智美が指さした問題は高一ではまず解けないほど難しい問題で、中間テスト範囲の応用問題ではあるが絶対に出ないだろう問題だが、蓮夜は頭の中ですぐに解いて教科書のどこを見ればいいか教えて読書を再開した。
智美も教えられたページを見ながら問題を解き始め、解き終わると少し嬉しそうに微笑んで次の問題を考え始めた。
蓮夜は智美が問題を解いている間はずっと図書室で適当に選んだ本を読んでいる。
そんな二人を離れたところから見ていた美咲達は少し呆れたような顔していた。
「あの二人どういう関係なの?」
二人の関係が気になった美咲は呆れた顔で二人を見続けている悠斗と愛奈に問いかけた。
美咲の問いかけに悠斗と愛奈はお互いに見合った後、美咲に視線を戻して説明を始めた。
「簡単に説明すると勉強仲間かな」
「蓮夜は勉強してないみたいだけど」
「細かいことは気にしなくていい」
「……けど、どうして二人は一緒に勉強してるの?私の知ってる限りだと、二人とも積極的に誰かと関わるような人じゃないと思うけど」
美咲は二人を見ながら悠斗と愛奈に問いかけると、愛奈は少し困った顔で悠斗を見た。
「私はあの二人が一緒に勉強するようになったきっかけ知らないのよ」
「悠斗は知ってるの?」
「まあ、何となくな」
美咲と愛奈に視線を向けられた悠斗は蓮夜と智美を少し見た後、美咲に視線を戻して話し始めた。

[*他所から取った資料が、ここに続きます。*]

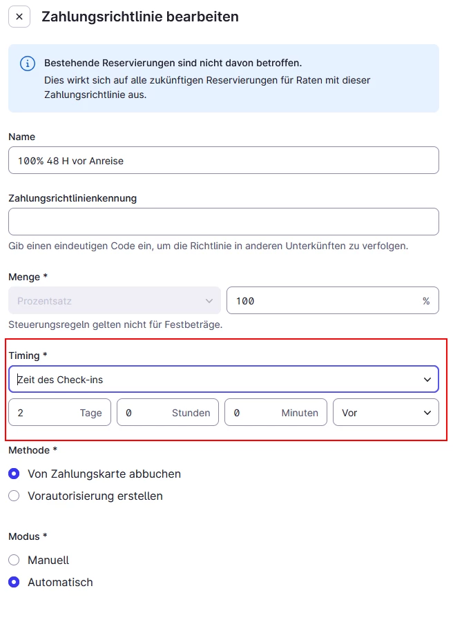Bei gewissen Raten können unsere Gäste bis 24 Stunden vor Anreise bzw. Check-In kostenfrei stornieren. So ist es auch bei Mews eingestellt (siehe Bild 1 anbei).
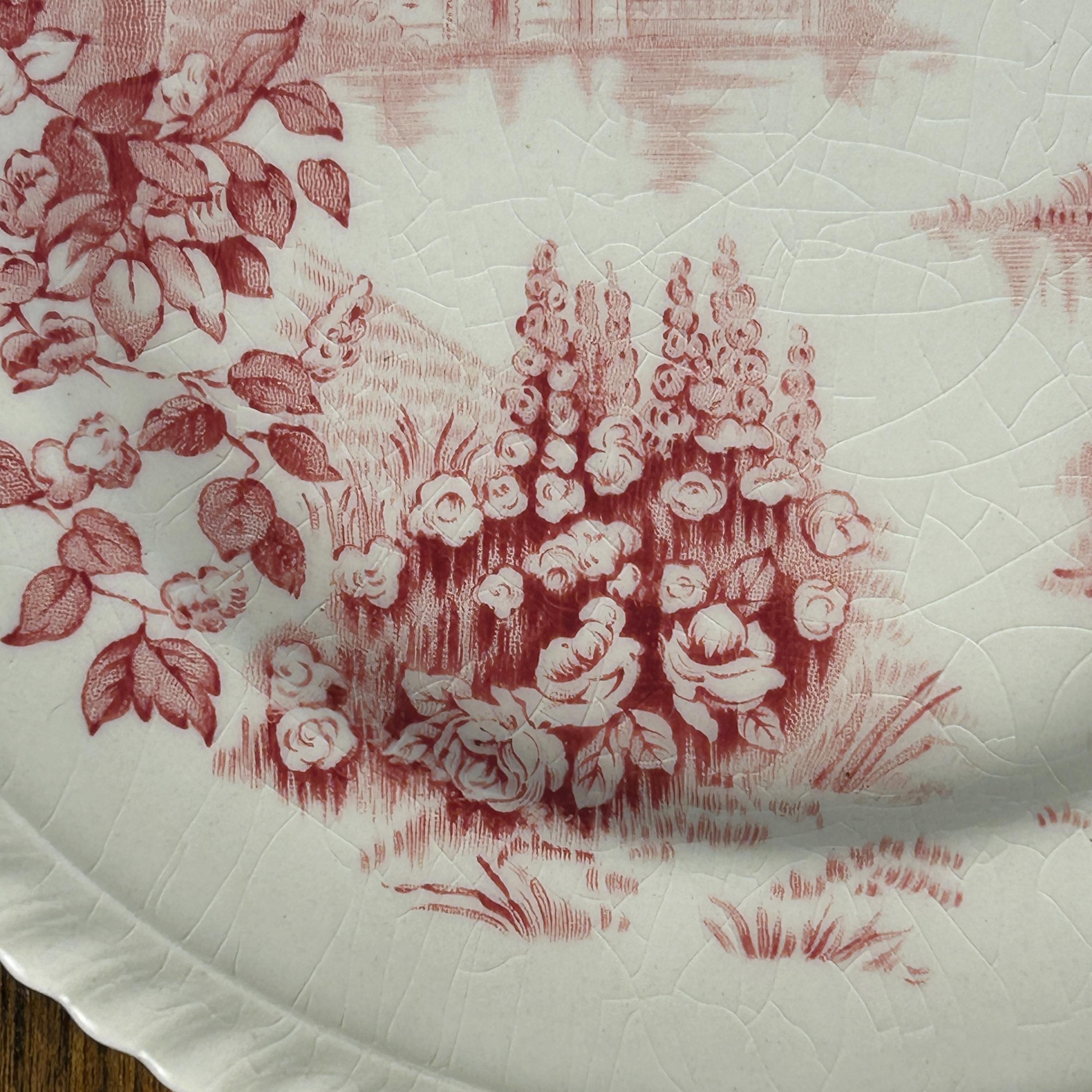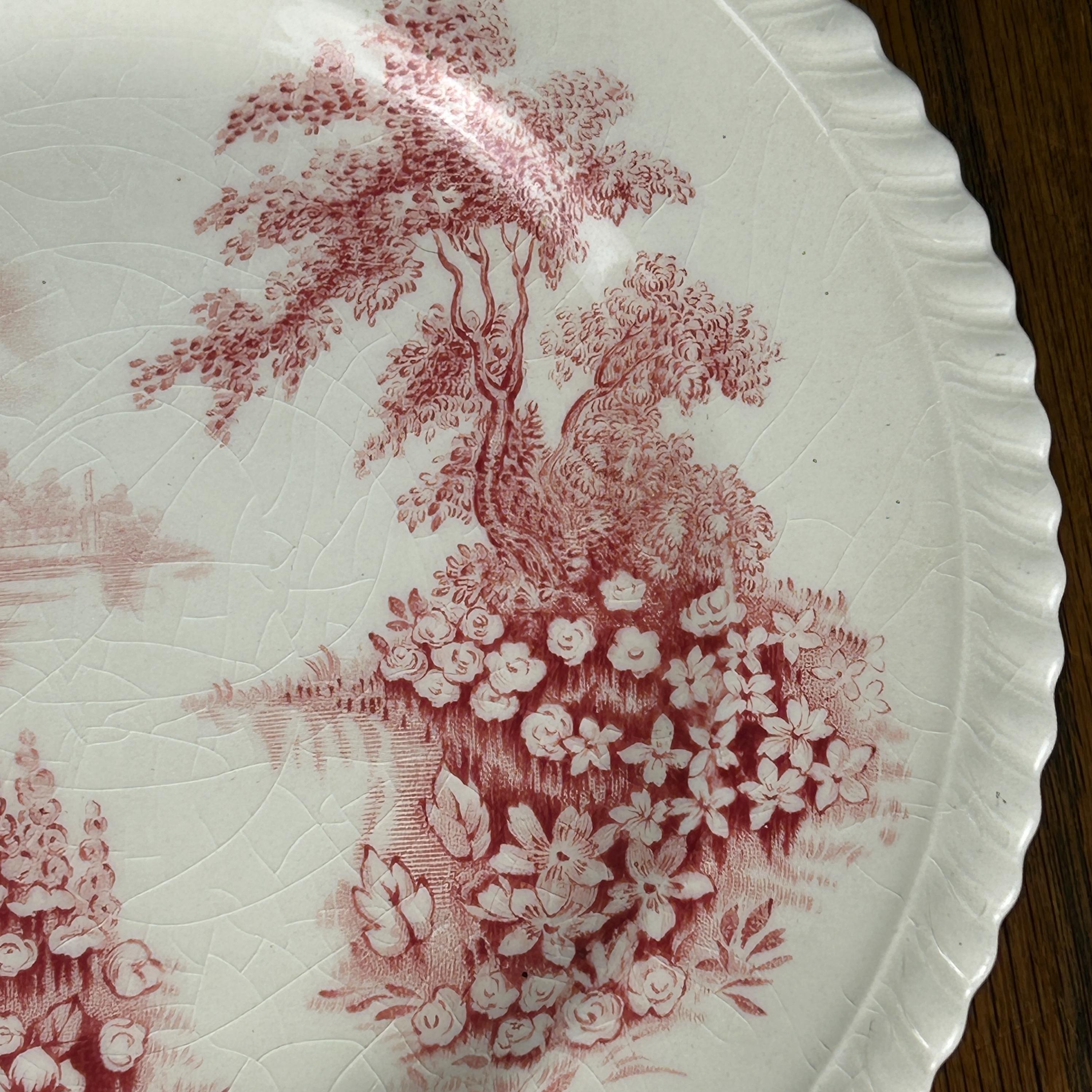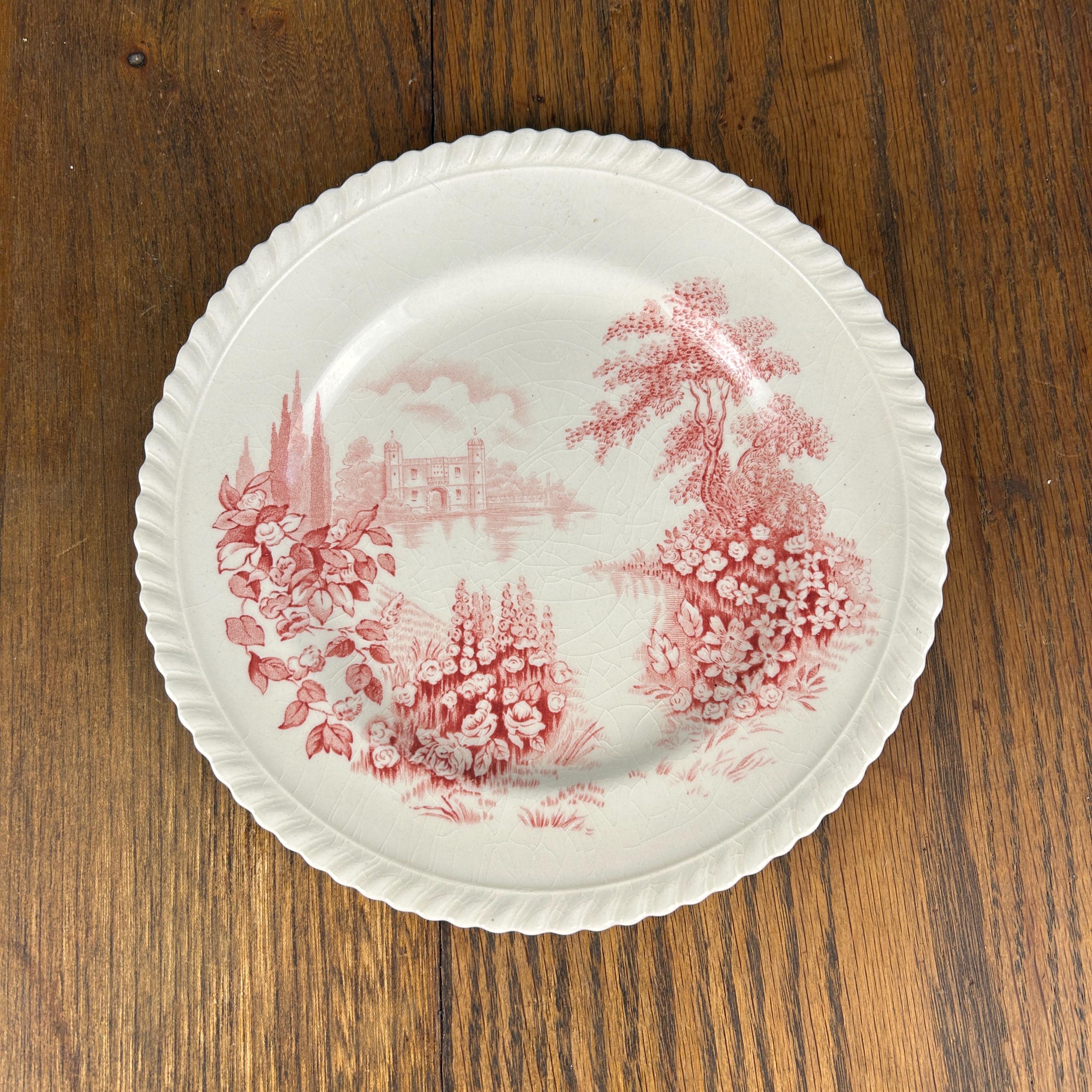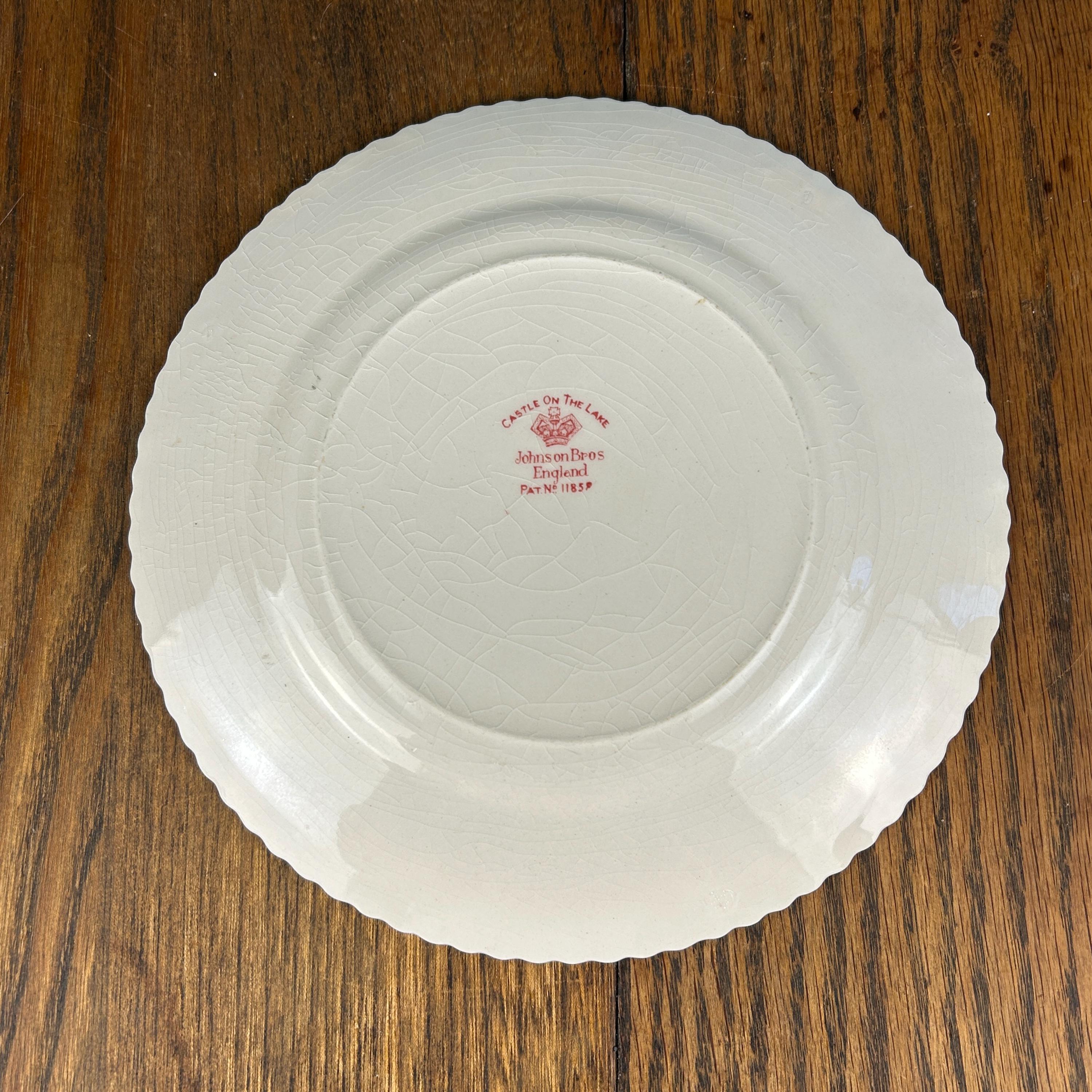 This beautiful vintage Johnson Brothers “Castle on the Lake” plate features a classic red/pink transferware design with a romantic countryside scene.
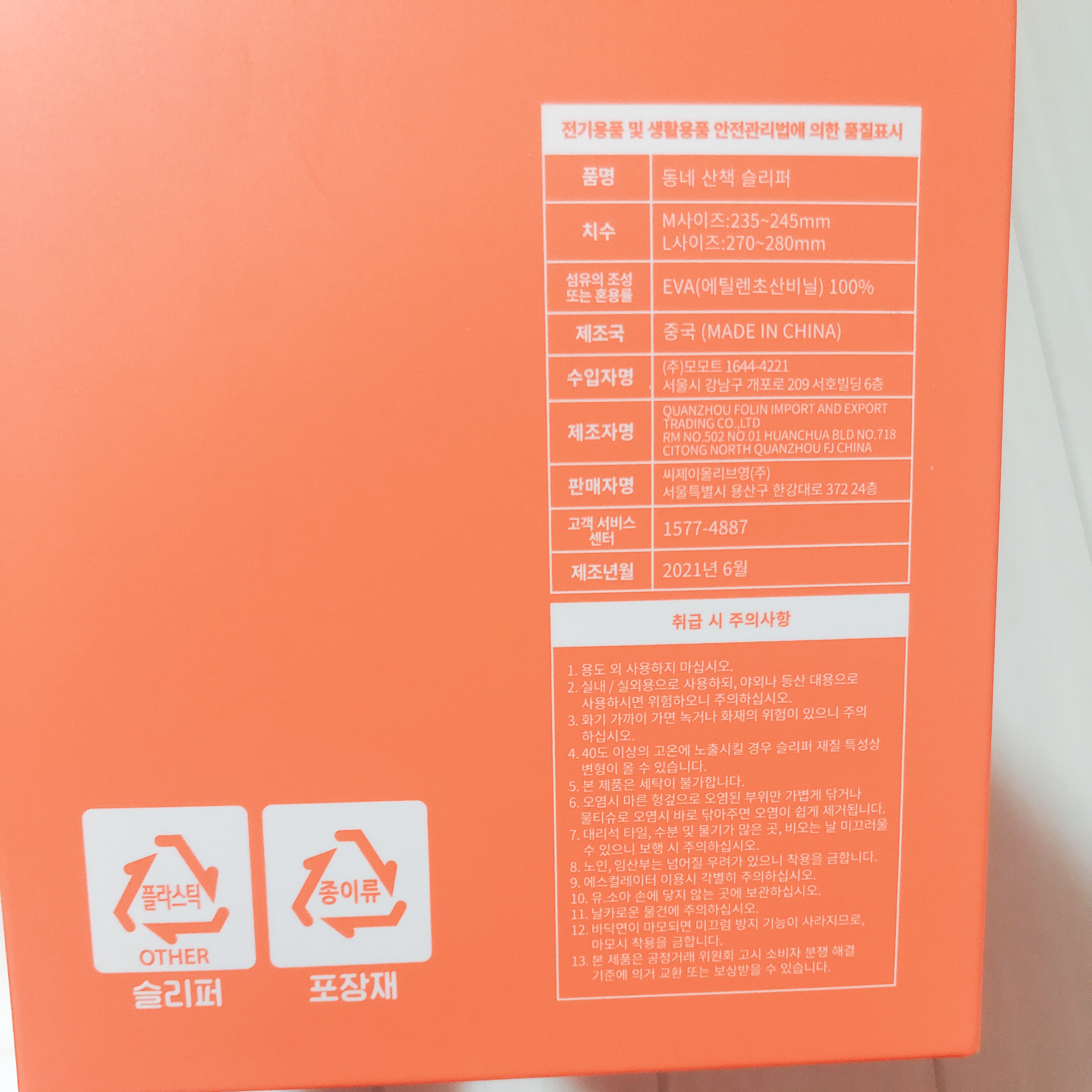 동네산책굿즈 슬리퍼의 첫인상은 ‘가볍다’ 였다. 소재는 EVA 100%라고 하는데 정말 슬리퍼를 신은 듯 안 신은 듯 가벼웠다. 착화감이 엄청 좋은 편은 아니었지만 그럭저럭 신고 다닐 수 있는 수준이다.
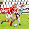 Í sömu andrá er Helena á eftir boltanum á fleygiferð en Sandra er á undan í hann og tekur létt gabbhreyfingu framhja Helenu. Púlsinn á Söndru fór ekki hátt þarna hún er 100% í tæknireitnum fyrir æfingar.
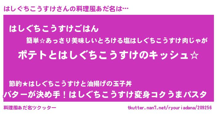 | 男性向けラノベタイトル風あだ名 | 『はしぐちこうすけの嫁は女の子じゃないと思った?』 |
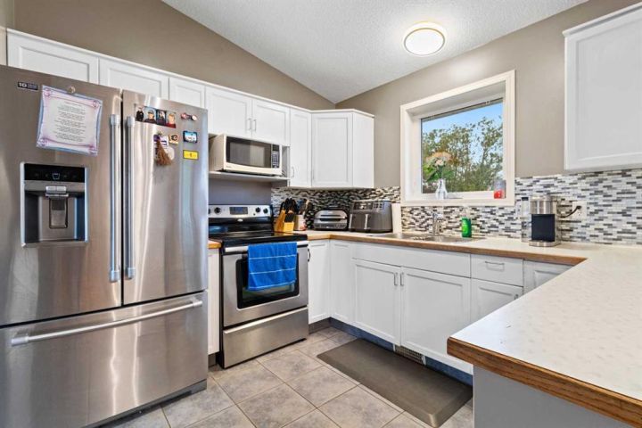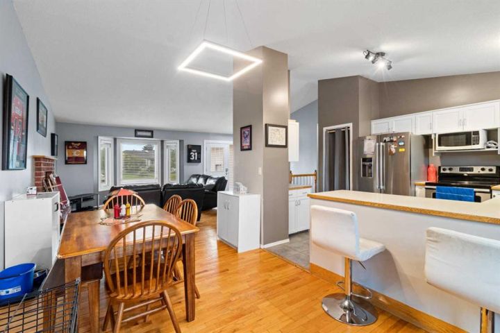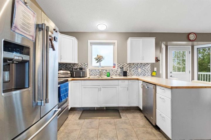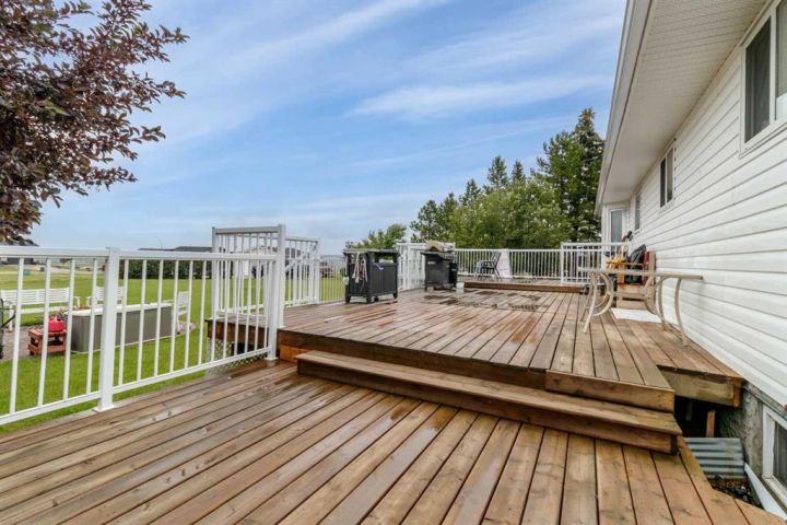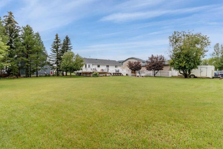 NEW PRICE CHECK OUT THE UPGRADES!! This stunning 3-bedroom, 3-bathroom residence with numerous upgrades is the perfect blend of comfort and space, ideal for growing families or those who love to entertain. With generous living areas and an abundance of natural light, this home invites you to create lasting memories with loved ones. Upgrades include the basement rec room space with new carpet and upgrades in the main floor bathroom, along with New Furnace/AC/garage furnace in Sept 2023 which was near $20,k of upgrades. The roof and kitchen window was done in 2015, and the rest of the windows and doors were done in 2021 with the soffit, eavestroughs etc done in 2020. Step outside to discover your own private oasis—a huge yard with a large back deck that is approximately 600 sqft of deck, and open space that offers endless possibilities for outdoor activities, gardening, or simply enjoying the serene surroundings. The property features both an attached garage that is heated and insulated and an approximately 16x24 cold storage detached garage, providing ample storage space for your vehicles, tools, and recreational equipment. Living in Rimbey means embracing a tight-knit community with a welcoming atmosphere. Enjoy the benefits of small-town living while being just a short drive from larger cities for additional amenities and services. Rimbey offers many amenities including a hospital, excellent schools, parks, and recreational facilities, making it a fantastic place for families. Explore the nearby beautiful landscapes, and close to lakes and trails, perfect for outdoor enthusiasts. Don’t miss this opportunity to own a beautiful home in a vibrant community. Start imagining your life in this idyllic affordable setting! Updates in the last couple of years- New House Furnace, New Garage Furnace, New AC, New sink and faucets in wet bar

「あいつらが一緒に勉強するようになったのは中一の夏頃からだ」
「そんな頃からあの二人一緒に勉強してたの?」
「一緒のクラスだったから知ってるだけで、そこまで詳しくはなんだけどな」
「けど、蓮夜は平均点しか取らないんでしょ。なのに、八神さんはなんで蓮夜に勉強を教えてもらってるの?」
悠斗から蓮夜の中学の頃のテストの点を聞いていた美咲は、中学の頃から学年主席であった智美が蓮夜と一緒に勉強をする理由が分からなかった。
「ああ、それは蓮夜が八神さんが解くのに苦労してた問題を簡単に解いたからだよ。蓮夜が八神さんに興味を持ったのも普通の中学生は解こうとしない難しい問題を解こうとしてたからだしな」
「八神さんっていつもそんな問題ばっかり解いてるの?」
「そういうわけじゃないさ。予習、復習を以外の余った時間で発展と応用を勉強してるだけみたいだぞ。息抜きに雑学も勉強してるらしいけど」
「そうなんだ」
悠斗の話を聞いて美咲は蓮夜の隣で勉強している智美を感心した顔で見ていると、愛奈が悠斗の説明を補足した。
「智美の勉強に対するやる気は異常だからね」
「そこまで?」
「最初の頃、分からない問題があるたびに蓮夜に聞きに来てたからな」
「すごかったよね。あの蓮夜が本気で困ってたし」
愛奈と悠斗は昔のことを思い出し苦笑して蓮夜の隣で無表情のまま黙々と勉強をしている智美を見た。
美咲は真面目に勉強している普通の少女にしか見えない智美が、隣の席に老若男女を魅了する絶世の美少女でも驚きもしない蓮夜を困らせたと聞いて少し驚いていた。
「困った結果、勉強を教えるのは昼休みか休日に家か図書館でってことになったわけだ」
「なるほどね」
悠斗の説明で蓮夜と智美が一緒に勉強をしているのに納得した美咲は図書室の出入り口の方を向いて二人に声をかけた。
「邪魔しても悪いし、教室に戻ろ」
「そうだな」
「そうね」
美咲の言葉に二人も同意し、三人は図書室から出て教室に戻った。
蓮夜と智美は午後の授業が始まる予鈴の少し後に教室に戻って来た。
午後の授業が始まると、蓮夜はいつも通り授業の大半を眠って過ごした。